Records excerpted from a collection
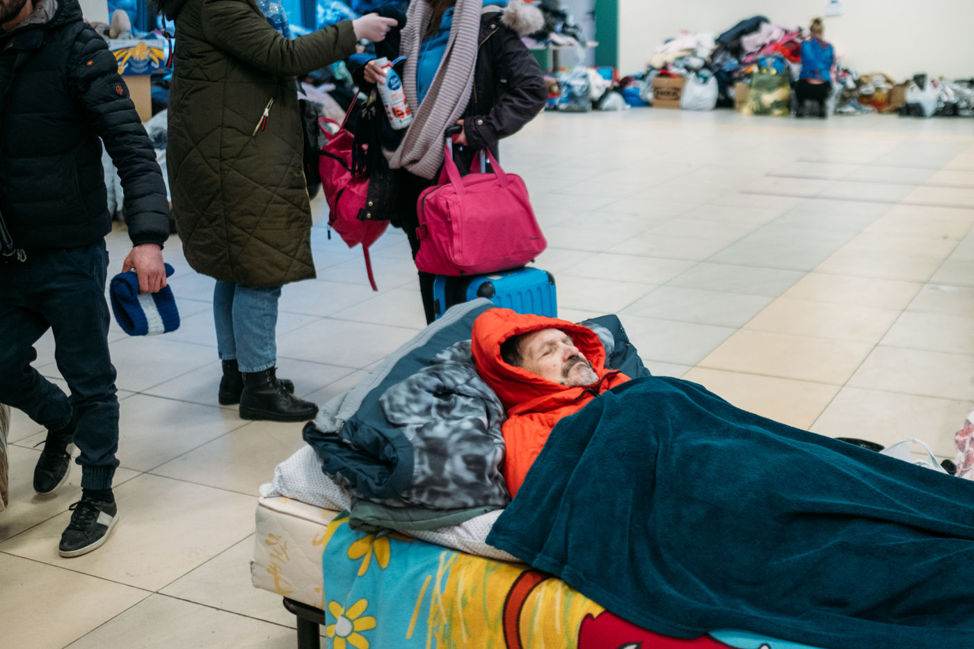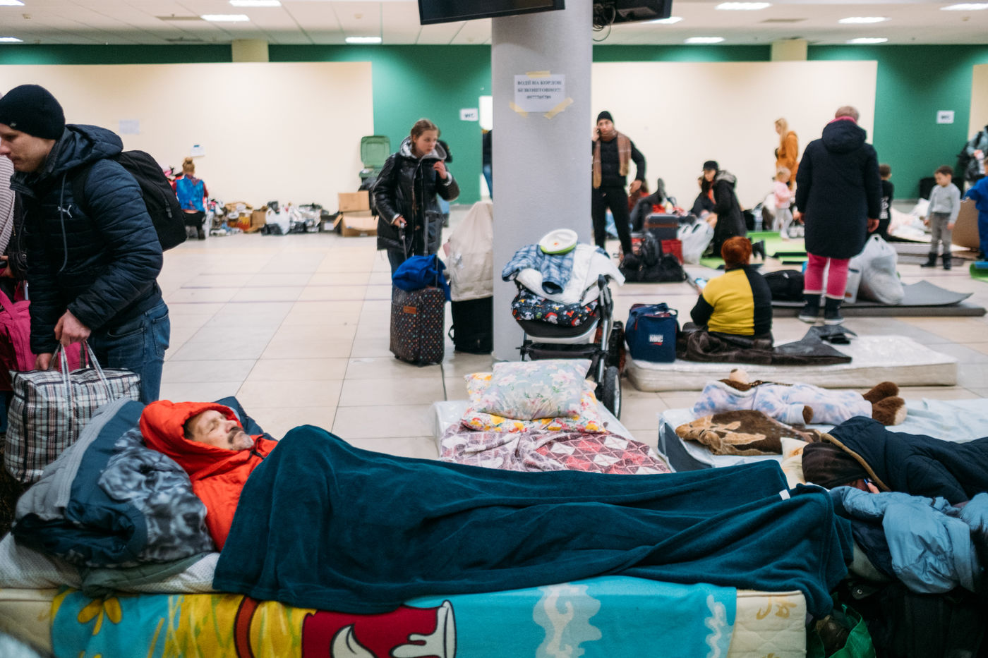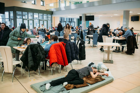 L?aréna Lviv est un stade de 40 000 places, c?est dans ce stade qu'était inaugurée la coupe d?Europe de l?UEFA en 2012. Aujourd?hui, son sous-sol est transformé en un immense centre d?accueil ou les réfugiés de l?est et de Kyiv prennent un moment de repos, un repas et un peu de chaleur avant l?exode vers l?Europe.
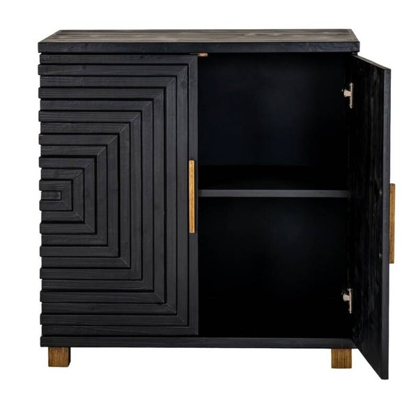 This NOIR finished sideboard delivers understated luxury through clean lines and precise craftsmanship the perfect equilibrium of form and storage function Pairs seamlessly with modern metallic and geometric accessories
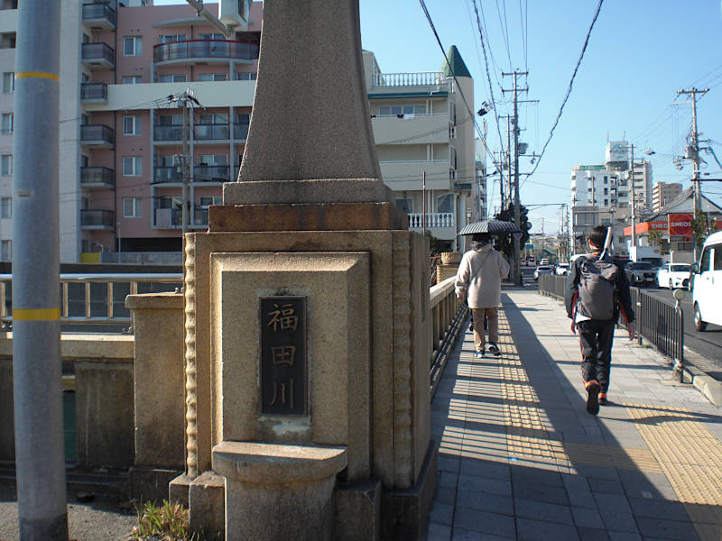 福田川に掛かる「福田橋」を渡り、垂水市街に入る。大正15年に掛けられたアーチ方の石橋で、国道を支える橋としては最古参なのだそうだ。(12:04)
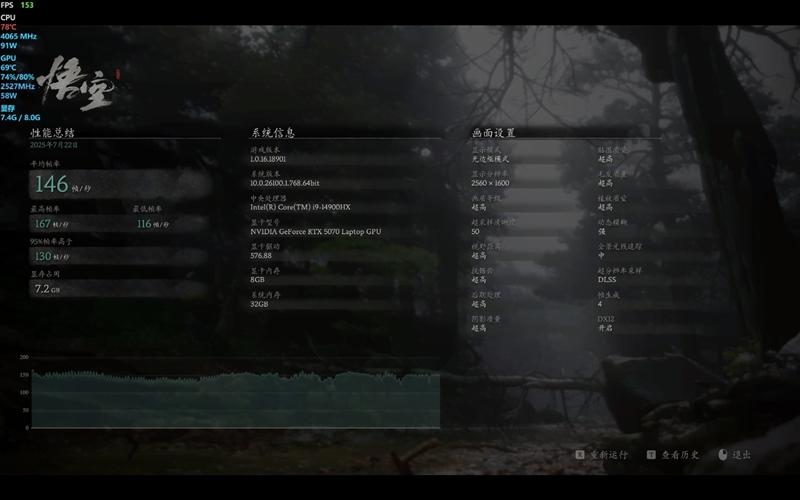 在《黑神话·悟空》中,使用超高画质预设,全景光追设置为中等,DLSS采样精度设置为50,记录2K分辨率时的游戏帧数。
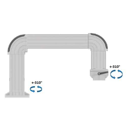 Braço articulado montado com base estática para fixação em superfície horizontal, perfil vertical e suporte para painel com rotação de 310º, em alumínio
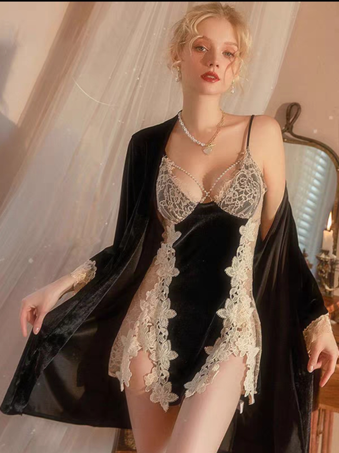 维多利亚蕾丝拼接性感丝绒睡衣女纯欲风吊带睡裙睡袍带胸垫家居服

---

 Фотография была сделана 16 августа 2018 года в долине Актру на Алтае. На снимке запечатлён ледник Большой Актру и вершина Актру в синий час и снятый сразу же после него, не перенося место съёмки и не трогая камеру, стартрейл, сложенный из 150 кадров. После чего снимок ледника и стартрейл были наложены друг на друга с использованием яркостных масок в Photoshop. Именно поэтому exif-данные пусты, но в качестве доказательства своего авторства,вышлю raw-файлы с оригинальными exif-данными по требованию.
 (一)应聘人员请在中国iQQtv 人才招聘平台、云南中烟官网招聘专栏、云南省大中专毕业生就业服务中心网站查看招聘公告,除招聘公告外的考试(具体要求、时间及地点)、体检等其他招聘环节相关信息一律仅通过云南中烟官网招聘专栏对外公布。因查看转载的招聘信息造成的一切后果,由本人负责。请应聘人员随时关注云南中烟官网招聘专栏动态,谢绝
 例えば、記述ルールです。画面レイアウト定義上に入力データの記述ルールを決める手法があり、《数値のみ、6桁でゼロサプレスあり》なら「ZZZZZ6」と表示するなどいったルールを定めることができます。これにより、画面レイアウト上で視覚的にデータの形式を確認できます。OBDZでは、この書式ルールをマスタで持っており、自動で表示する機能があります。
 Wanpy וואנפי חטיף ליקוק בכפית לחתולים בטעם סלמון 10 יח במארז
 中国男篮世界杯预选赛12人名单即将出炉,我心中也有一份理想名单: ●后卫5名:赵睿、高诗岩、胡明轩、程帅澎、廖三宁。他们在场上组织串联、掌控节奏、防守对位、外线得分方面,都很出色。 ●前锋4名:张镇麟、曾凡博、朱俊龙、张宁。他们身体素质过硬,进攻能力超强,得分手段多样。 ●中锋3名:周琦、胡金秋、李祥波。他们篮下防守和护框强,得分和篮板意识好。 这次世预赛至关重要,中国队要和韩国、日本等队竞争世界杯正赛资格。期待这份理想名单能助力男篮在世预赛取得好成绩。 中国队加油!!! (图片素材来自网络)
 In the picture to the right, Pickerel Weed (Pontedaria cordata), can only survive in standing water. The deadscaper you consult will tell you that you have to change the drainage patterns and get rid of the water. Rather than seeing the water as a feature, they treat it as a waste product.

**WHAT THIS TASK INVOLVES**
Set the pictures aside and transcribe exactly the stretch of lines above, beginning with the one holding "在《黑神话·悟空》中,使用超" and ending with the one holding "维多利亚蕾丝拼接性感丝绒睡衣女纯欲风吊带睡裙睡袍带胸垫家居服".

**RESPONSE**
 在《黑神话·悟空》中,使用超高画质预设,全景光追设置为中等,DLSS采样精度设置为50,记录2K分辨率时的游戏帧数。
 Braço articulado montado com base estática para fixação em superfície horizontal, perfil vertical e suporte para painel com rotação de 310º, em alumínio
 维多利亚蕾丝拼接性感丝绒睡衣女纯欲风吊带睡裙睡袍带胸垫家居服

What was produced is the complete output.